Brandwashed by Martin Lindstrom

In this podcast, I share my take on whether or not it's ethical to do research for advertising purposes to pregnant mothers and their babies in the womb.

This podcast is about the background information on the author Martin Lindstrom. This book describes how companies “brandwash” children at an early age. Companies use pregnant women for research on babies in the womb. Studies have shown that we determine our likes and preferences of brands and products by the age of 7, but Lindstrom believes it’s much earlier than that. It begins in the womb. In this podcast, I share my take on whether or not it’s ethical to do research for advertising purposes to pregnant mothers and their babies in the womb. It’s crazy to think that we are heavily influenced by what our mother does, see, hear or smell during her pregnancy. All of her decisions lead to our decisions in the future, and marketers and advertisers want to be the first to know.

9 Comments

  1. The idea of advertising to pregnant women, to reach the baby is crazy. While I feel like more research should be done before we can claim it as fact, it is clear that early childhood, even earlier than previously thought, is an essential time period for brands to make their first impressions on children/babies.

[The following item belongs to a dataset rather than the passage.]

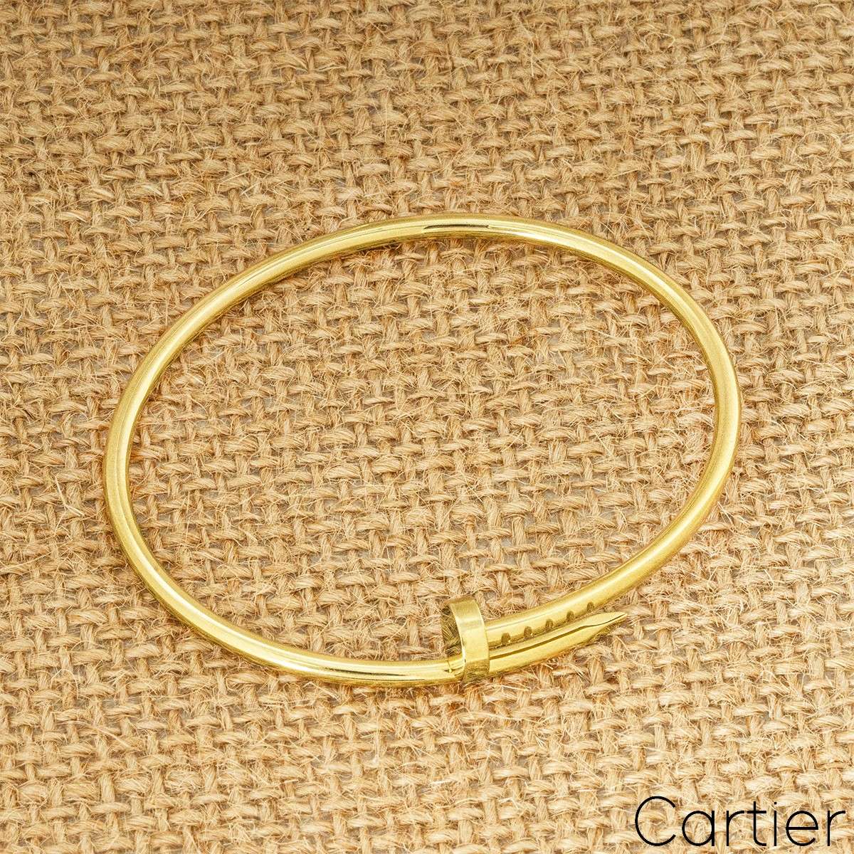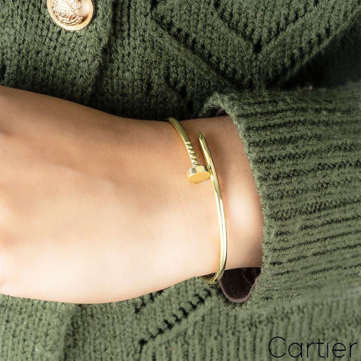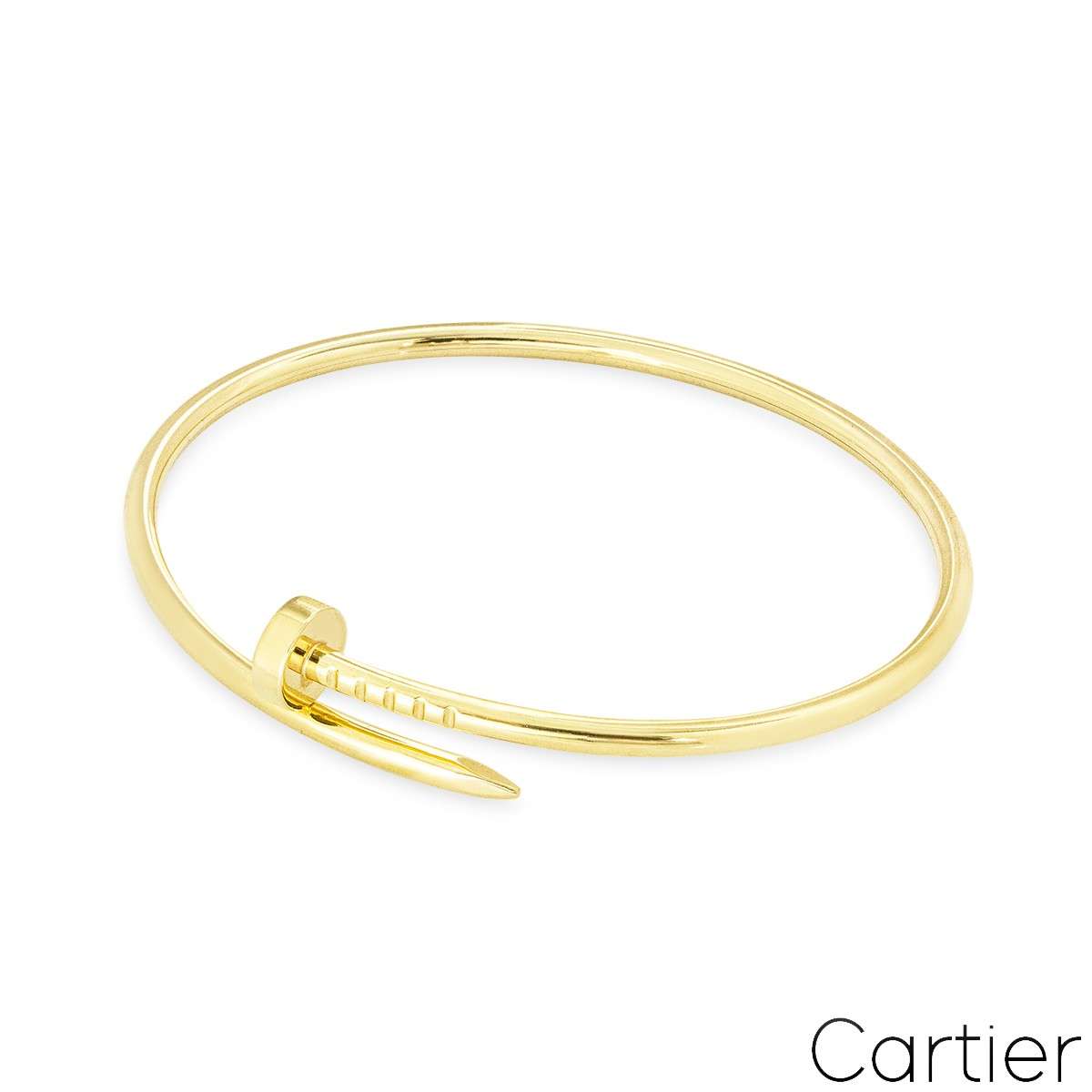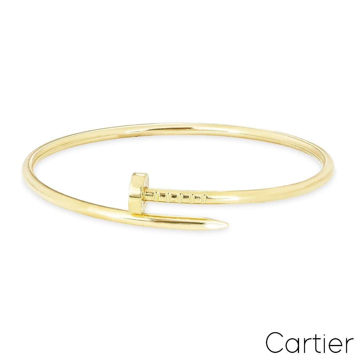 A stunning 18k yellow gold Cartier bracelet from the Juste Un Clou collection. This is the slimmer version of the iconic design, featuring a nail motif that wraps elegantly around the wrist. It has a flexible, clasp-free mechanism where the nail opens and closes seamlessly, giving it a sleek and modern look. The small size is lighter and more delicate compared to the regular version. The bracelet is a size 16 and has a gross weight of 9.6 grams.

  2. I definitely agree with you that Lindstrom isn’t the best writer, but his research is incredibly interesting! I think it’s cool that you pointed out that we as consumers are influenced when we’re in the womb and the study of the babies that showed a preference for a TV jingle. As marketers, this incredibly useful, but I agree that it’s not very ethical to target consumers before they’re even born and their mothers at this stage in life.

  3. Wow. This was really interesting. I never once considered the power of brands to this magnitude. The idea of brandwash is accurate, but to impact a mother and baby at such a intimate time, seems a bit cruel. I definitely think that the brand decisions I make today are because of the brands I grew up comfortable with. I hope it is not because of a jingle I heard in utero. That said, this was very new to me and I’m glad you shared this example.

  4. I think Martin Lindstrom’s work is fascinating. However, I’m a little skeptical of his claim that most of our brand preferences are decided before we turn 7. At that age, most of the things that we will buy in our lifetime have not yet become relevant to us. I’m sure that children form some brand preferences at very young ages, but to say “most” or our preferences are decided by age 7 seems like an exaggeration. The idea of marketing to pregnant women is an interesting concept that I haven’t heard before, but it seems like only huge brands have the resources to invest in something like this.

  5. Martin Lindstrom proposes very similar ideas about advertising to children to David Helm and Neil Postman. The topic of advertising to children has always been a point of interest to me, because I’ve always felt that children aren’t developed mentally and emotionally enough to fully grasp what’s being said and shown to them. The idea of children having brand preferences under the age of 7 is so shocking, but it ultimately makes me wonder if children are choosing these preferences because they’re conscious about the brands, or because they just decided they liked this brand because they remember it.

  6. Martin Lindstrom’s work is definitely fascinating. I’ve always heard that playing classical music to your child in the womb will possibly “make them smarter”, but I never thought hearing any sounds/music actually makes a difference. I definitely want to look into this topic more to see what other professionals are saying about Lindstrom’s findings.

  7. Wow. This sounds like a really interesting read! I can’t believe the priming methods stores used to make mothers and babies have an affinity to them. Personally, I think it’s sort of unethical, but I would love to learn more about the methodology and results.

  8. This book sounds awesome… I love the psychological side of advertising, there is so much information that relates I don’t know why the advertising curriculum at Temple does not include psychology courses as mandatory. Iv’e heard of the ways people try to make their babies smarter especially when in the womb from only eating specific foods to the classical music playing it is pretty crazy stuff! I think the connection with how children grow up around advertising is interesting because I’m sure it shapes their mind especially with today’s kids glued to the television and their smart phone… brands should be extra careful to not act unethically when it comes to advertising towards children since in the end it’s the parents purchasing but then again that kid could be a really great persuader…

  9. To know that we are targeted with advertising in the womb is fascinating! Knowing how far marketers go to advertise to a younger audience – I wonder what ads my mom was served with while she was carrying me. This book seems pretty interesting I’m gonna check it out!